Dorian Gray abre o sótão: Orkut

Andrea Trompczynski
Quando a tela pintada por Basil Hallward em O Retrato de Dorian Gray, começou a mostrar os primeiros sinais de mudança, Dorian percebeu que teria que mantê-la escondida e trancada à chave. Quando fraquejava com vontade de voltar à vida anterior, a influência de Lord Henry Wotton encorajava-o. Um mestre paciente e seu pupilo. A beleza andrógina de Dorian permitia-o caminhar entre la crème de la crème da alta sociedade londrina. Quando Basil descobriu o quadro, Dorian matou-o.

E se houvesse uma maneira quase anônima de expor a tela, usando uma máscara parcial? E se cada monstruosidade na tela pudesse ser indicada pelo nome da "fraqueza moral" que a gerou, como os sete pecados capitais rotulados claramente? Escrito com todas as letras, sem mais vergonha, e fizesse as pessoas sentirem medo do que há dentro delas e de como uma influência qualquer pode fazer isto despertar, crescer? 

Por ouvir meu irmão falando tantos nomes de minha infância, professores, amores platônicos e tantas histórias que ele havia encontrado no Orkut, pedi que me convidasse, sim eu queria conhecer o que era. As primeiras horas foram como as de todo mundo que conhece o programa: saudades e memórias e pequenas frustrações. Por hábito comecei então a procurar a feiúra. Fácil. Mas, por estar há muitos anos longe de chats, fóruns e ter estacionado em alguns sites que admiro ou que me são indicados, assustei-me com o que vi. Não impressionaram-me os temas, que todos temos mais ou menos de Dorian Gray, mas pela imensa exposição dos quadros mais tenebrosos ser anunciada, festejada e aclamada. Os quadros de Basil.

É a minha geração falando na comunidade "Eu Vou Para O Inferno", onde discutem: o que é melhor "torturar alguém até a morte ou o espancamento?", como atropelar motoboys, ciclistas ou como foi delicioso o som de ossos partindo quando um homem (não um adolescente rebelde ou uma criança problemática) quebrou de propósito o braço da irmã. Alguns blefam, outros estão arrependidos. Há uma competição entre os melhores, que desprezam façanhas "pequenas". Ódio declarado a religiosos, crianças, animais e deficientes é lugar-comum. Os deficientes físicos têm sido a última piada por causa das para-olimpíadas. Alguém que parece o mediador avisa quando o candidato é digno do inferno, exalta os ânimos e os assuntos vão ficando mais pesados.

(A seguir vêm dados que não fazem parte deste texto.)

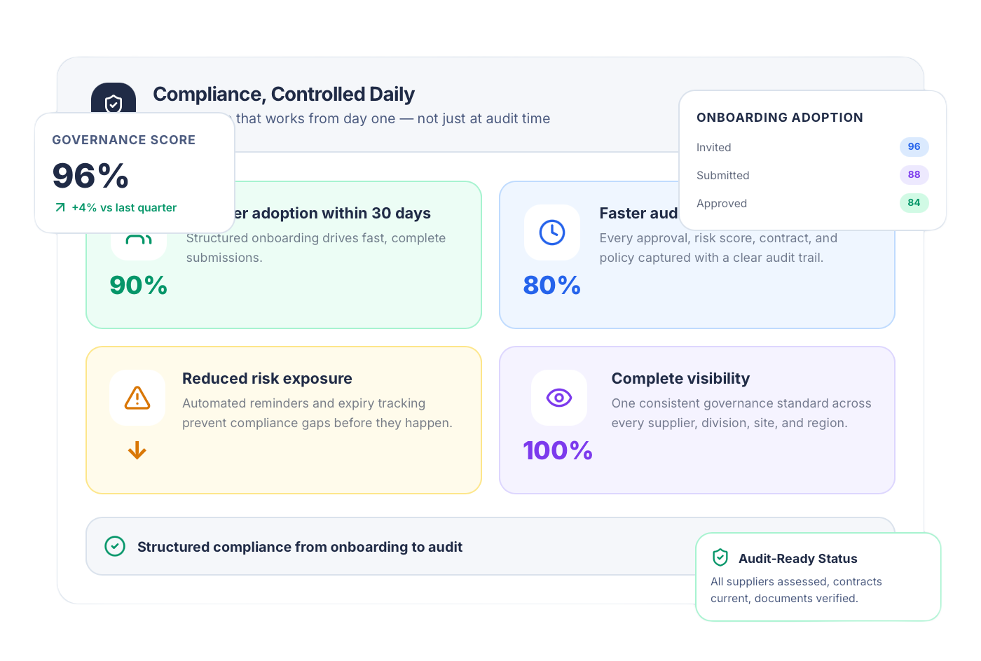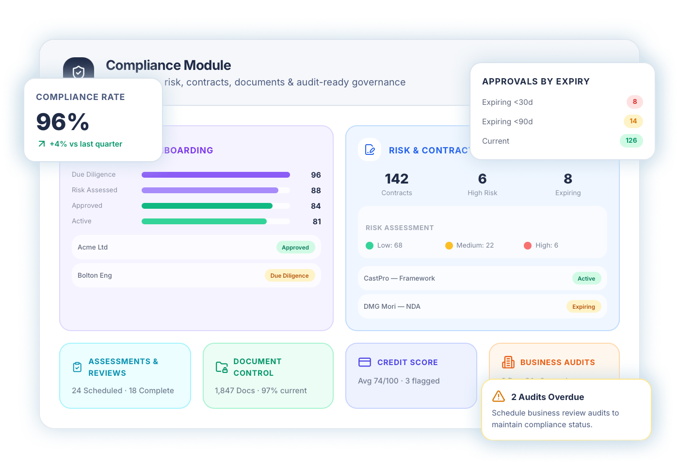 Move compliance from reactive reporting to structured control. Embed onboarding, risk-based approvals, expiry tracking, and audit trails into everyday workflows and stay compliant by design.

Anfetaminas, calmantes e toda sorte de remédios controlados que possam fazer dormir em uma crise de fome ou eliminar o apetite estão disponíveis em comunidades pro-Ana e Mia (comunidade "Pro-ana, Pro-mia em Português", tópico "remédios", apenas para citar um exemplo), apelidos para anorexia e bulimia, última moda de internautas preocupados com a "beleza a qualquer custo" uma onda gigante da qual ninguém, ou pouquíssimos, falam. Basta escolher um dos e-mails disponíveis de usuários vendedores que fazem a propaganda explícita (sempre com a preocupação de dizer que é um "amigo" o tal do vendedor), enviar comprovante de depósito bancário e aguardar a sorte, porque o remédio pode chegar ou não. E pode ser o remédio verdadeiro ou não, que dependendo de qual seja a composição química, é uma grande sorte. Ou, mais fácil ainda, diz um dos "conselheiros", basta ligar para um disque-farmácia, pagar com cartão e esperar a entrega. Garotos e garotas de 13, 14 anos trocam dicas de como comer e vomitar sem que os pais ouçam. Competem e fazem juntos jogos chamados no foodque são dias (dias!) em jejum. Alguns evitam até a água, para não "inchar". Quando outros entram tentando ajudar, sempre alguém que teve problemas sérios por desordens alimentares, eles respondem que são doentes, sofrem com isso, mas não querem ou não podem mudar.

(Não acredito que seja necessário comentar as comunidades sobre drogas. A situação é idêntica.)

Essa exposição mostra o que sempre existiu e foi abafado pelas aparências. O OrkutMultiply e muitos que virão deixam Wilde cada vez mais atual, mas penso que ele acharia fácil demais escrever O Retrato de Dorian Gray hoje, com monstros tão às claras (fácil para Oscar Wilde, é claro).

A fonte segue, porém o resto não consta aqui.